I don’t understand the workflow either. If you want the simplicity of a DAW then fine - enter C7 and up pops C E G Bflat. Big deal.

Real music is rather different, we have varied chord voicings, inversions, doublings, instrumentation etc. The chord of C7 can be infinitely varied, so why not just enter the notes you actually want, in the registers you want, in the instruments you want, in the rhythms you want etc. If you want to turn Dorico into a clone of Cubase or Musicscore then fair enough I suppose.

I agree with Fred - what is the benefit here? By the time you had customised whatever default might be invoked you would be better off just entering the notes you want.

You are probably old enough (like me) to have learned how to audiate without needing a computer to do it for you.

Unfortunately, that puts us both in a fairly small minority of “composers” these days!

It’s actually really sad that being able to ‘audiate’ without needing a computer (or being able to perform arithmetic functions without needing a calculator) brands us as being ‘old’. In the performing world, I often have to work with singers with performing careers who can barely read music, if at all, and who have learned their parts from listening to YouTube recordings. Can you imagine an actor having to have his/her lines read aloud to them, either by a coach or by a computer, in order to learn their part? Isn’t that the definition of illiteracy?

Sorry. End of rant.

Dear Vaughan,
I am quite surprised. My experience is very different, and I have been singing professionally for 20 years now. My fellow singers usually are very highly musically trained (they usually play other instruments at a quite high level) and there’s not much to correct musically when we meet.
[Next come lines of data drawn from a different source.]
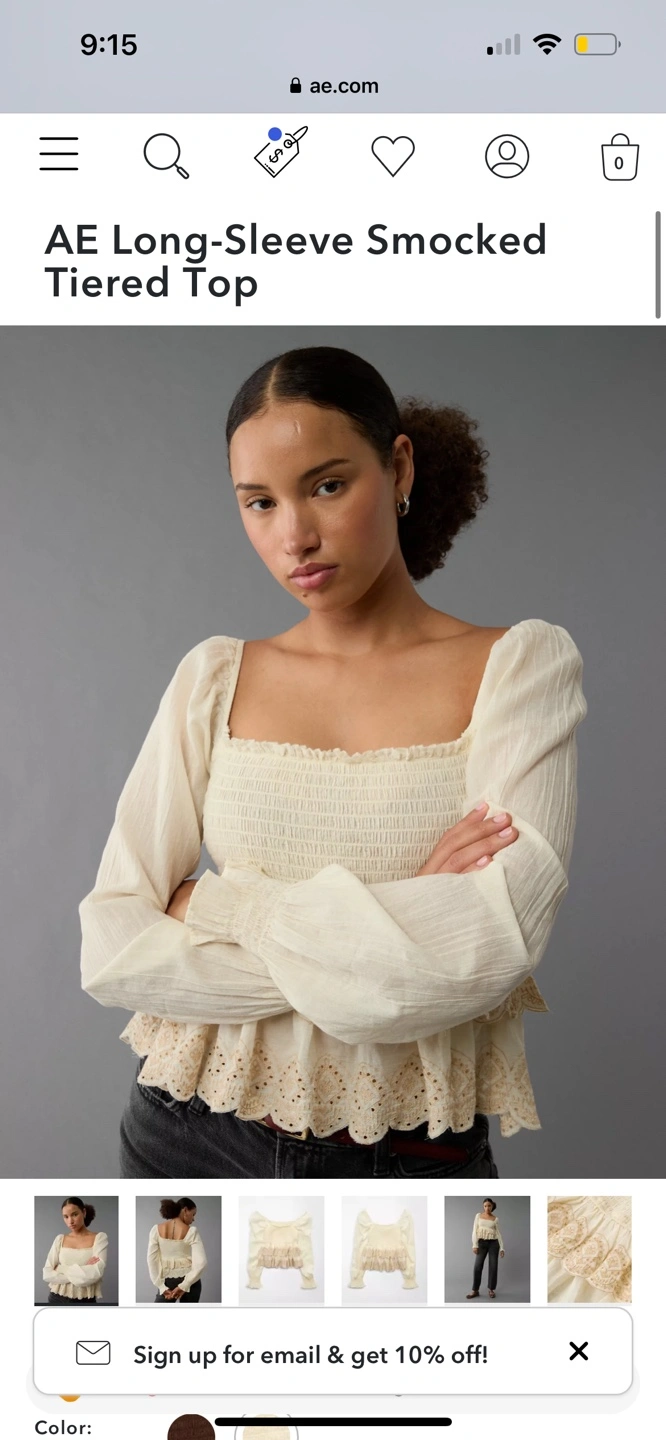 American Eagle Outfitters Long-Sleeve Smocked Tiered Top
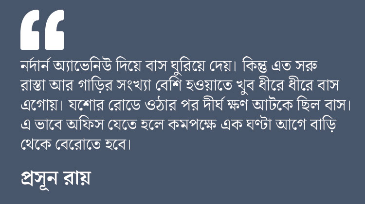 রবিবার দিন যদিও ওই বিকল্প রুটে মসৃণ ভাবে বাস চলাচল করে। কিন্তু, পরিস্থিতি জটিল আকার ধারণ করে সোমবার সকাল থেকেই। বিটি রোড ধরে চলাচল করা শ্যামবাজারগামী ৫০টি রুটের বাসকে চিড়িয়ামোড় থেকে দমদম রোডে ঘুরিয়ে দেওয়া শুরু হতেই ধীরে ধীরে মন্থর হতে থাকে যান চলাচলের গতি। কারণ, সকালে দমদম রোডে প্রচুর পরিমাণে অটো ও রিকশা চলে। সেই সঙ্গে রাস্তার ধারে বসে অনেক অস্থায়ী বাজার। ফলে, অতিরিক্ত গাড়ির চাপ পড়তেই লম্বা জ্যাম শুরু হয়ে যায় দমদম রোডে।
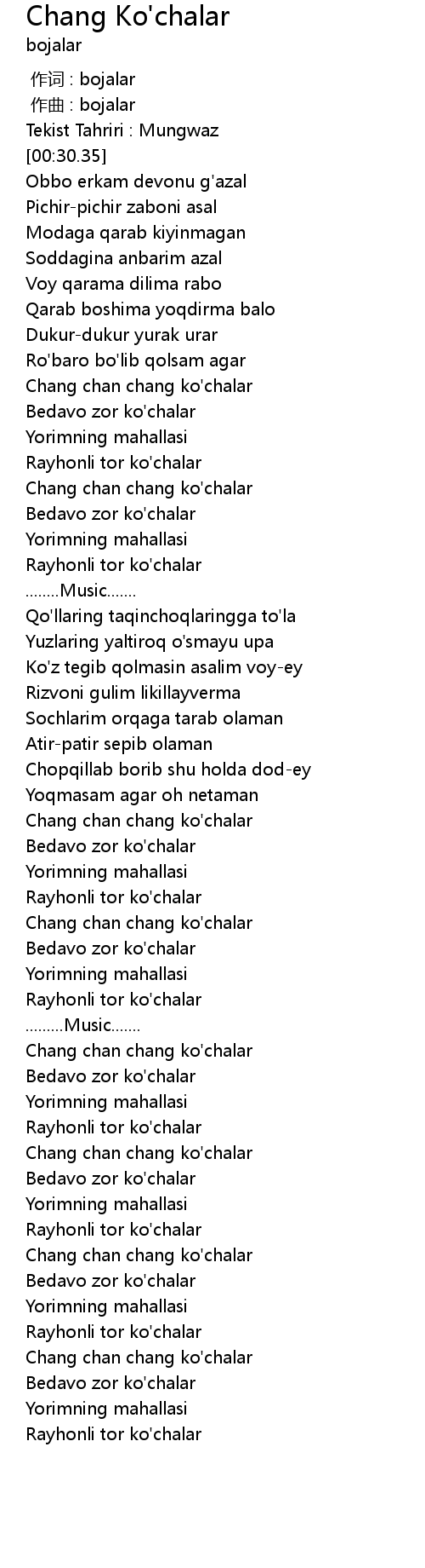 | [01:37.14] | Chang chan chang ko'chalar |
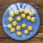 4. 搁置一旁至冷却后,把内馅分成18个(每个13克),用保鲜膜盖上避免变干。
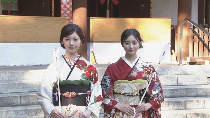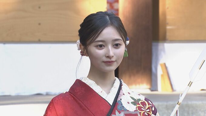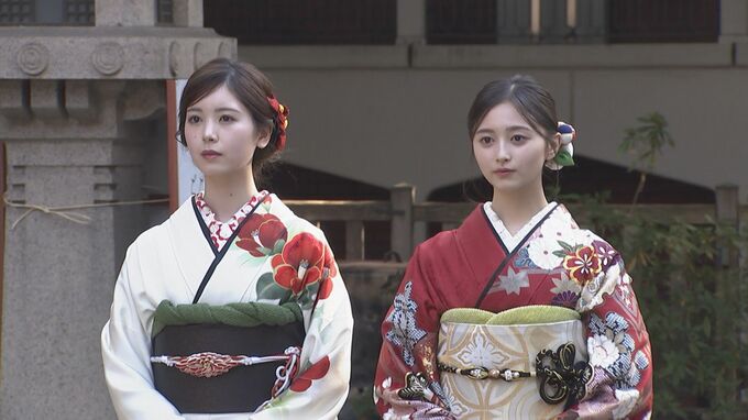 乃木坂46の4期生・筒井あやめさんと、5期生の井上和さんが 東京・乃木神社で行われた「2025年 乃木坂46 新成人お披露目会」に紅白の振り袖姿で出席しました。
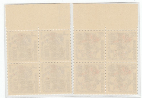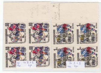 hodnota 60h 2x spojené typy IV.+V., navíc desková vada DV 20 - seříznuté písmeno "I" (MISTREM), hodnota 1Kčs spojené typy I.+III., navíc DV 24 - kratší pravá nožka "R" (ČSSR); vše svěží, katalog minimálně 720Kč
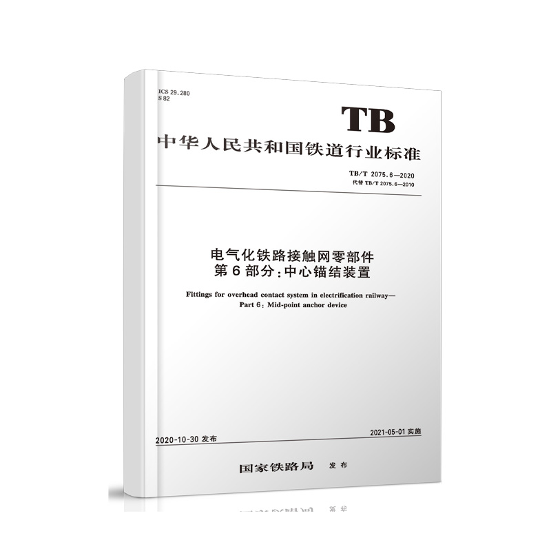 书名:电气化铁路接触网零部件 第6部分:中心锚结装置 TB/T 2075.6-2020

And it is often because of bad editions :wink:

For quick mock-ups, I’d actually love a feature that combines the excellent voice-leading of Cubase’s chord playback with the ability to assign that to a rhythmic track consisting of, say, slash notation. And if there are Chord Diagrams for guitar present, the feature would of course use those…
For my line of work, that would be stunning!

Cheers,
Benji

I can understand why you might want this (or have to resort to importing the midi files from say, iReal Pro or similar) for the rhythm section.
For example, arranging a big band score, the imported tracks would provide a rhythm section so you can hear your brass, saxes, flutes etc. as you develop it. Very useful for those who do not play keys or any chordal instrument, or do not know what a bass player might typically play in that situation. The rhythm section might only require chords anyway, so this notation would be deleted after use.

Or for songwriting or vocal arrangements, a chord playing in the background would help offer the notes to be distributed or as a backing to check what has been notated for each instrument (or vocalist).

This kind of a function would be great to have eventually. Let’s put aside any ivory tower intellectual arrogance and just let technology work for us. In my thinking, technology exists to help us all get to “art” quicker. You can then choose what you wanna become a master of, rather than needing to become a jack-of-all-master-of-none.